Survey: Deep learning with Self-Organizing Map

Self-Organizing Map is one of my favorite bionics models. In most cases, it is applied to visualize data with high dimension, and indeed it can generate pretty amazing results:

SOM is also closely related to Vector Quantization (VQ). After training, the reference vectors in SOM can represent a specific type of sample in the input space. However, based on my reading, the self-organizing mechanism is inspired by how the cortical system perceives the world, namely, how human sees things. I tried my best to study Self-organization of orientation sensitive cells in the striate cortex, but it contains so many biological terms that I can hardly understand its content. I will keep updating this post.

Still, I am very interested in how to use SOM to improve current computer vision methods, especially deep learning. Surprisingly, I can find a limited number of papers that are related this direction:

The first paper is Convolutional Self Organizing Map. Reading this paper is quite suffering. It is has poor writing, the illustrations are badly drawn, the detail of algorithm is vague, and it lacks convincing experiments. Although this paper relates to my goal, I believe it does not show the full capability of SOM in visual tasks. Anyway, it proposes two kinds of CSOM:

The first type of CSOM replaces the convolutional layer with a SOM layer. After training the SOM layer with standard SOM algorithm, patches are used to calculate the correlation coefficients against the learned kernels. Pooling operation is in those correlations.

The second type of CSOM is to replace the pooling layer. A winner array is used to record the position and the euclidian distance between the winner neuron with the input. And then the position with minimum distance is chosen in the pooling layer. It is wired that the output of this structure is a grid of positions (of the SOM map). Both two CSOM is mainly used to visualize data space. Again, this paper is really substandard in either writing or experiments.

The next paper is Deep Self-Organizing Map for Visual Classification. It uses the traditional training method of SOM to train multiple maps from patches. Each SOM corresponds to an area in the original image. And it is trained layer by layer unsupervisedly.

However, when combining multiple SOMs, the writing is somehow vague. If my understanding is correct, for each location, it uses the indices of the winner neurons of the corresponding SOM as the output.

Two things can be improved from my perspective. Firstly, SOMs are different over different areas, which means each of them aims at representing patches at one location of the image. This might result in low generality against shift variance. SOMs should be shared across to learn a general representation of visual appearance.

Secondly, using the index of the neuron as output seems too non-linear to me. If one fails to encode the image, then the following layers are unable to recover the image or to compensate. Residual information about the original image should be preserved.

The last paper to introduce is Classifier with Hierarchical Topographical Maps as Internal Representation. It is more like “improved Radial Basis Function Network” than “improved SOM” to me.

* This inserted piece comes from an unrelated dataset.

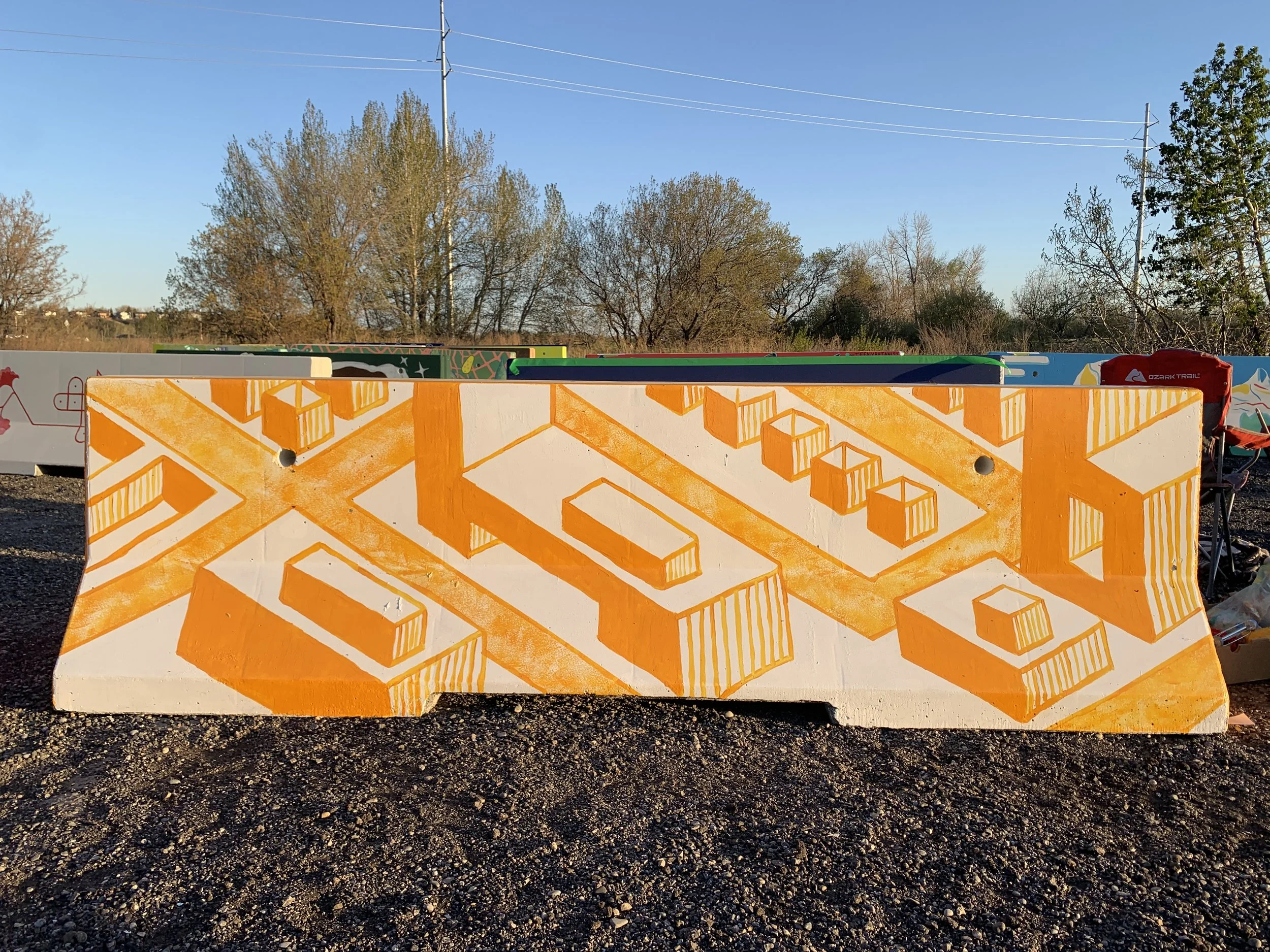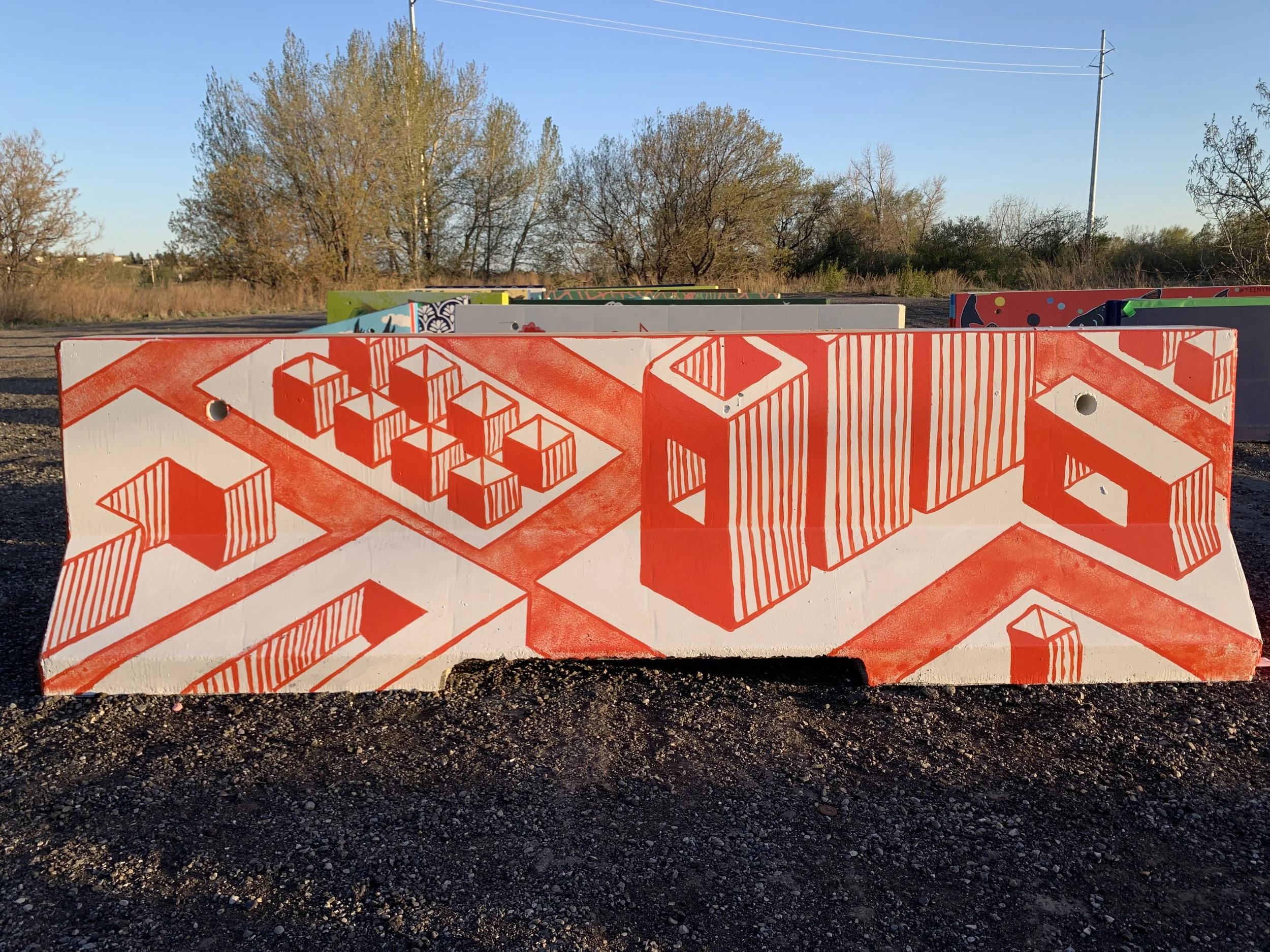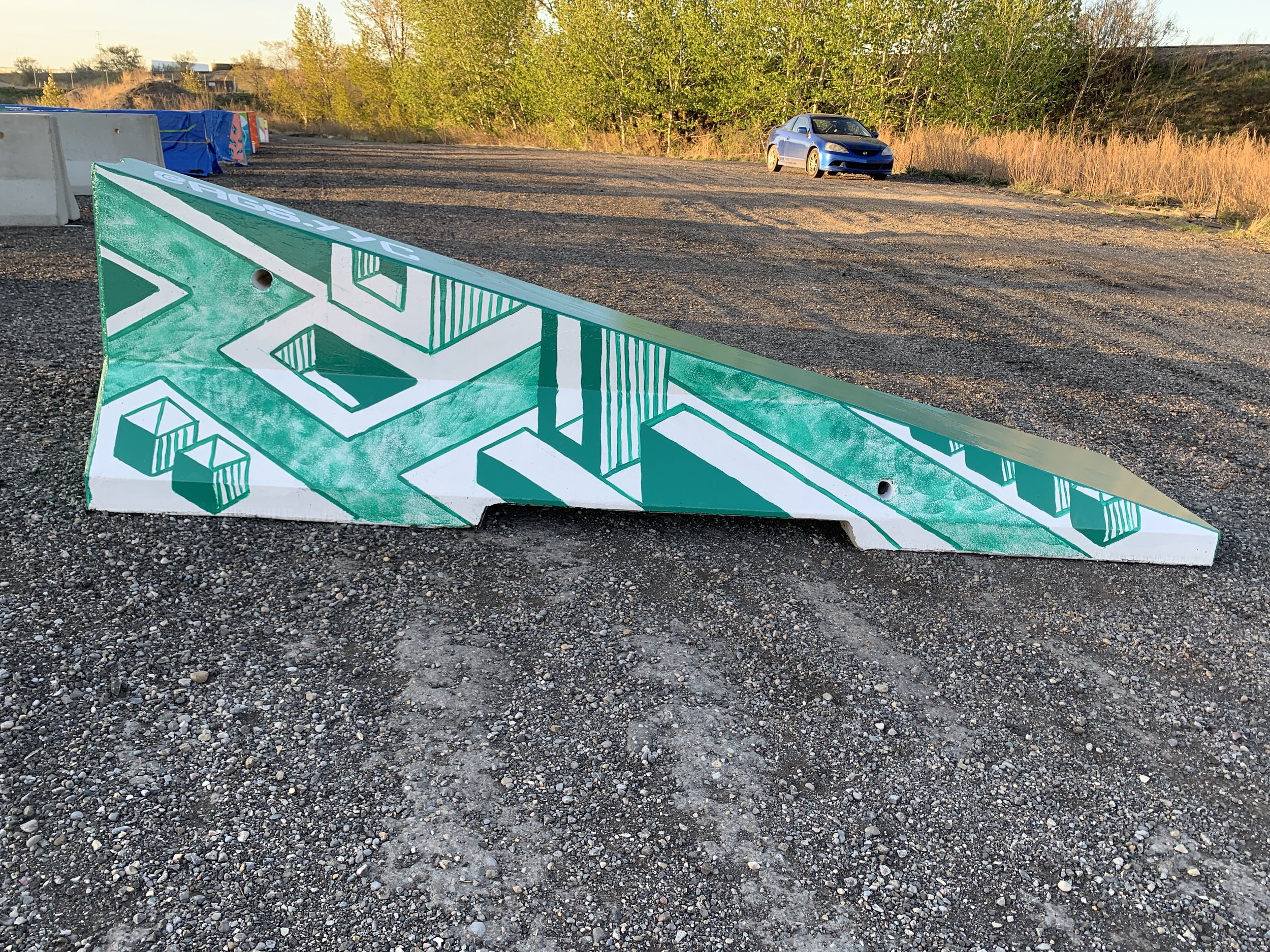 4 city road barriers, painted with an isometric design concept that portrays the balance of cities being both rigid while playful, structured yet chaotic, controlled yet random.
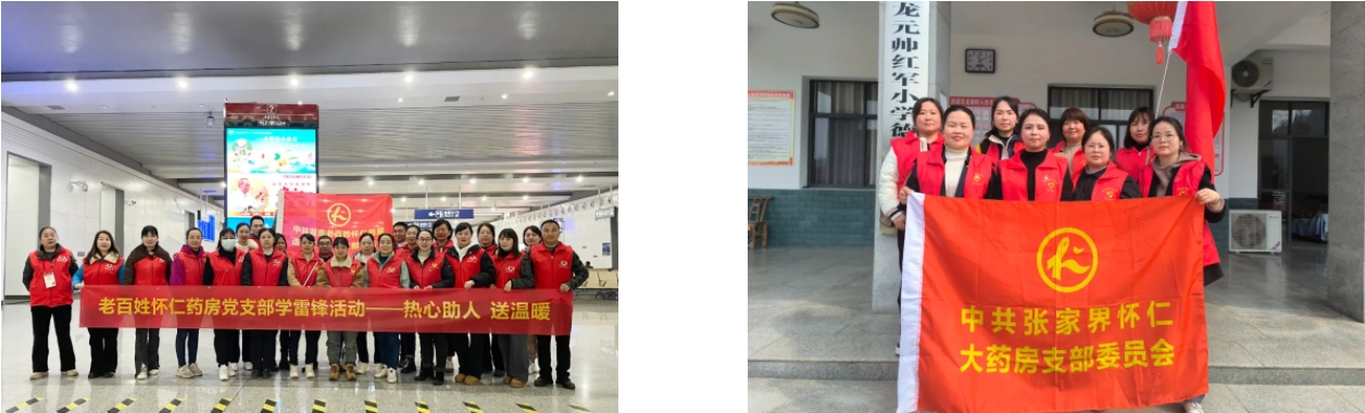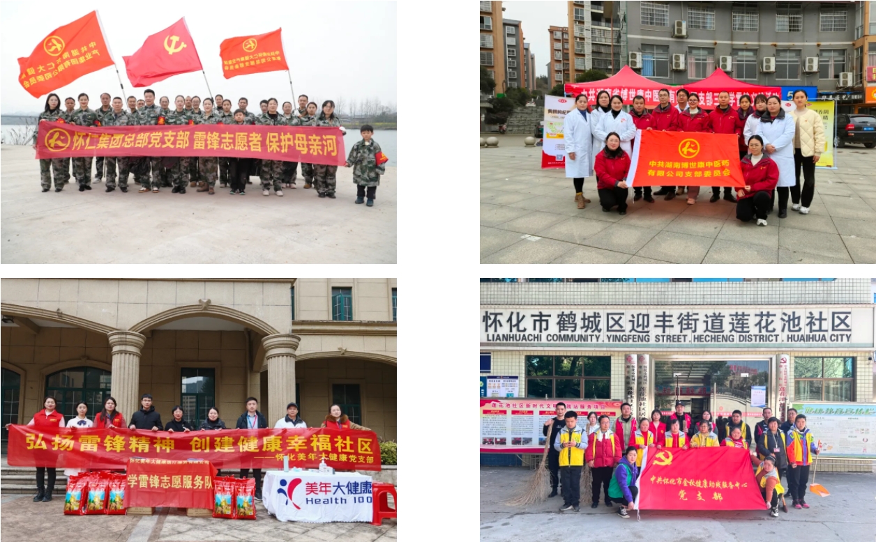 3月,在“學(xué)雷鋒活動(dòng)月”期間,各支部舉辦的活動(dòng)都十分富有特色。懷仁集團(tuán)總部支部在黨委書(shū)記陳毳萍、副書(shū)記舒敏同志帶領(lǐng)下,前往舞水河畔開(kāi)展“雷鋒志愿者保護(hù)母親河”活動(dòng);博世康黨支部在社區(qū)組織學(xué)雷鋒中醫(yī)診療義診活動(dòng);懷化美年大健康黨支部為社區(qū)居民免費(fèi)提供健康咨詢服務(wù),并慰問(wèn)空巢老人;懷化市金秋健康助殘服務(wù)中心黨支部帶領(lǐng)殘疾人朋友走進(jìn)社區(qū),與工作人員一起清潔衛(wèi)生;老百姓懷仁藥房黨支部為旅客提供從進(jìn)站檢票到進(jìn)站上車的一條龍服務(wù)活動(dòng);張家界懷仁藥房黨支部去到桑植縣洪家關(guān)光榮院,為孤老烈屬等送去愛(ài)心物資。

It borrows SOM’s ideas like Winner-takes-all and Neighborhood-Updates.

In the gradient, we can see that the update formula of reference vectors of SOM is different from the standard one. The reference vector $W$ is not longer always pulled to the input vector $O$ . Now its direction is related to supervised information $\delta$

Compared with normal SOM, CRSOM can cluster object with context (supervised information):

But it is odd that it only conducts a very simple classification experiment with only 5 classes on MNIST. And the comparison on the generality is not convincing enough to prove the superiority of SOM over other feature abstracting methods.

To sum up, bionics is a promising field to works on. Methods in Computer Intelligence can be transferred to deep learning, like coevolution to GAN. And SOM is one mechanism that I will bet my effect on. If you are also intrigued by SOM, feel welcome to discuss with me.